- Activity:
From the first line to the last, restate the data exactly, leaving out the images.

- Provided data:

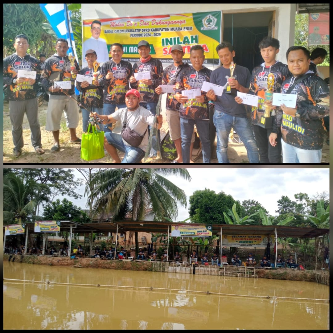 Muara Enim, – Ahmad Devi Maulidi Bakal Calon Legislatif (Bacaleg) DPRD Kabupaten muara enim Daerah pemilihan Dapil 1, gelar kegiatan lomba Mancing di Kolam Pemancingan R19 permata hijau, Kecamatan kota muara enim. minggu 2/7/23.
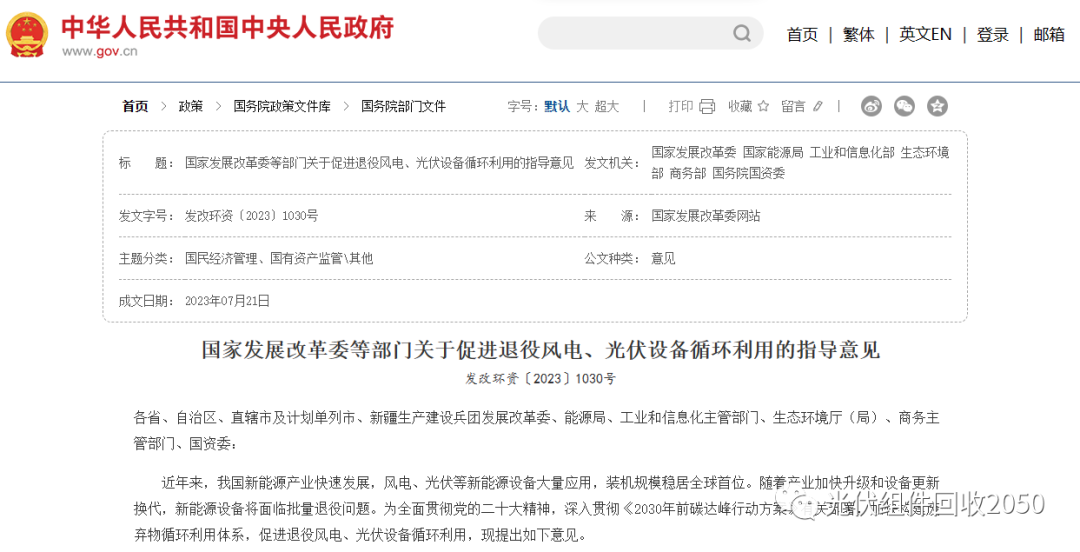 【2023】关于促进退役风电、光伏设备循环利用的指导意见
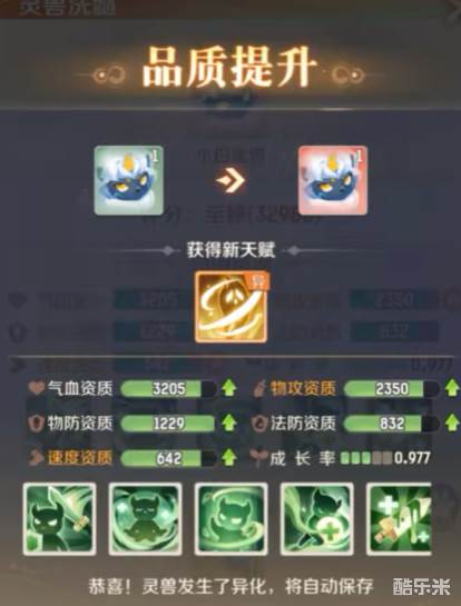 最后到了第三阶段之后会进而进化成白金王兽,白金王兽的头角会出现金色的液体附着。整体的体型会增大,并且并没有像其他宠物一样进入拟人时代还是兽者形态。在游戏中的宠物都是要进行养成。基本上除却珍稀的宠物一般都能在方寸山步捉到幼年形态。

- Task output:
 Muara Enim, – Ahmad Devi Maulidi Bakal Calon Legislatif (Bacaleg) DPRD Kabupaten muara enim Daerah pemilihan Dapil 1, gelar kegiatan lomba Mancing di Kolam Pemancingan R19 permata hijau, Kecamatan kota muara enim. minggu 2/7/23.
 【2023】关于促进退役风电、光伏设备循环利用的指导意见
 最后到了第三阶段之后会进而进化成白金王兽,白金王兽的头角会出现金色的液体附着。整体的体型会增大,并且并没有像其他宠物一样进入拟人时代还是兽者形态。在游戏中的宠物都是要进行养成。基本上除却珍稀的宠物一般都能在方寸山步捉到幼年形态。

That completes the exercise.